The keyboard is spacious with plenty of travel on the chiclet style keys, which makes proper typing a possibility, something many netbooks appear to promise but fail to deliver.
The TF103 is primarily a tablet, and the familiarity and functionality of Android 4.4 is at the fore. From the simple, sharp fonts and icons to the smooth movement from page to page and subtle highlighting of icons that make Android a slick and intuitive user experience.
The TF103's touchscreen complements this experience, responding easily to swipes, taps and pinches and never leaving you dabbing repetitively at an icon.
It's precise as well, with the onscreen keyboard and games benefiting from the panel's responsiveness and accuracy.

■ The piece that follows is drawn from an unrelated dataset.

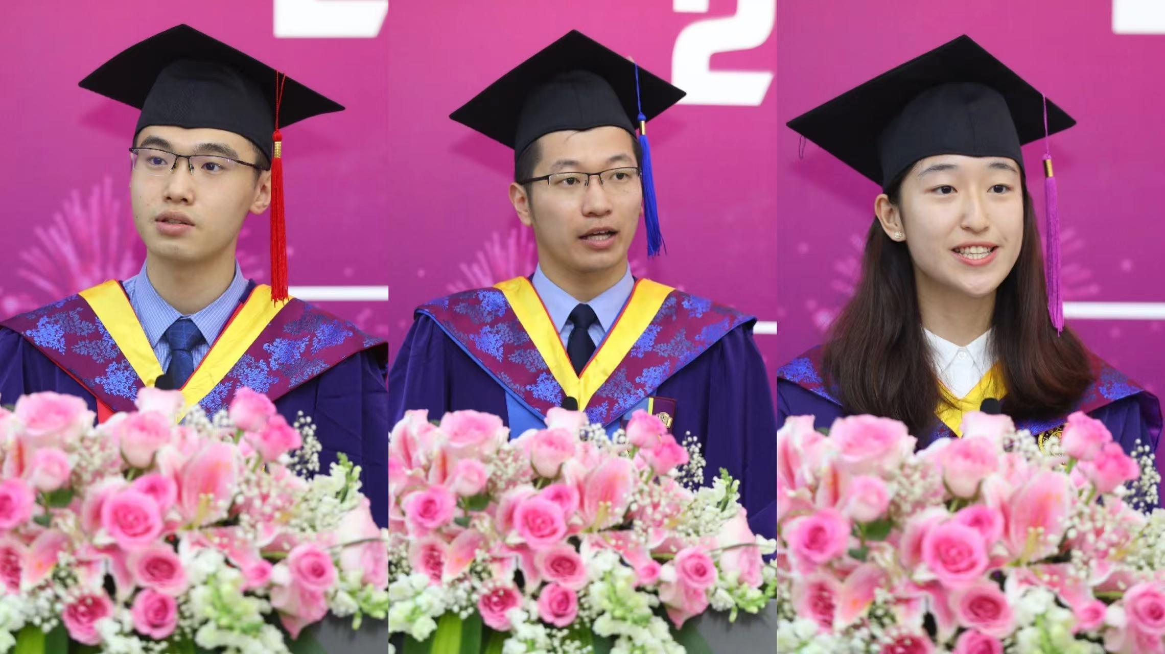 博士毕业生代表卓振宇,硕士毕业生代表王大为,本科毕业生代表王奕三位同学分别作为毕业生代表发言。卓振宇与大家分享了读博期间科研上从初入未知领域的困顿迷茫、沮丧不甘,以及经过反复磨砺、不断沉淀,到最后自己的工作成果被国际同行认可的欢欣鼓舞。他说,是“自强不息,厚德载物”的校训让他在充满不确定性的纷乱环境中一往无前。王大为从价值塑造、能力培养、知识传授三个方面讲述了电机系带给自己的宝贵财富。王奕回忆起自己在四年间的成长与磨砺,感谢清华电机系的培养与支持,让自己从懵懂稚嫩逐渐成长得更加坚韧成熟,学会了在不断开拓的视野中体悟人生的意义与方向。

The Asus Transformer Pad TF103 performs well both outdoors and in. Although not primarily intended as a tablet app, I used Strava as a way of testing the TF103's GPS and was pleased with the results.
It took just a few seconds to identify its location, and then kept an unfailing track of the TF103's movements. The screen itself can be slightly reflective in bright light, but never disappears into the murk even when placed in direct sunlight.
Streaming movies over Netflix was another area in which the TF103 impressed, playing smoothly, with sharp pictures and bright, vivid colours.
The lack of a full 1080p screen is a shame, but the 1280 x 800 panel does a perfectly good job. While it will never be as sharp as a FullHD screen, it's bright and clear enough to enjoy streamed movies on.
Unexpectedly, the rear facing speakers overcame their positioning to produce lively sound with sharp, clearly defined tones. Playback of downloaded movies from Google's Play Store was equally easy and impressive.
On Geekbench 3 the Transformer Pad 103 scored 661 for single-core and 2038 for multi-core, some way off the models in the pricier section of the market that Transformer Pads used to reside in, but in use I saw little discernible shortfall.
The TF103 does have Android's slightly annoying habit of seeming to forget what it's doing mid-task, something reasonably common across Android phones and tablets.
Pages loading in a browser or files downloading from an email, or even from the Play store itself, will occasionally pause in mid-flow, refusing to make any progress until you restart the process.
The sensitivity of the screen, so useful in some circumstances, can occasionally provide the odd slip up, as it's extremely easy to switch between browser tabs by mistake.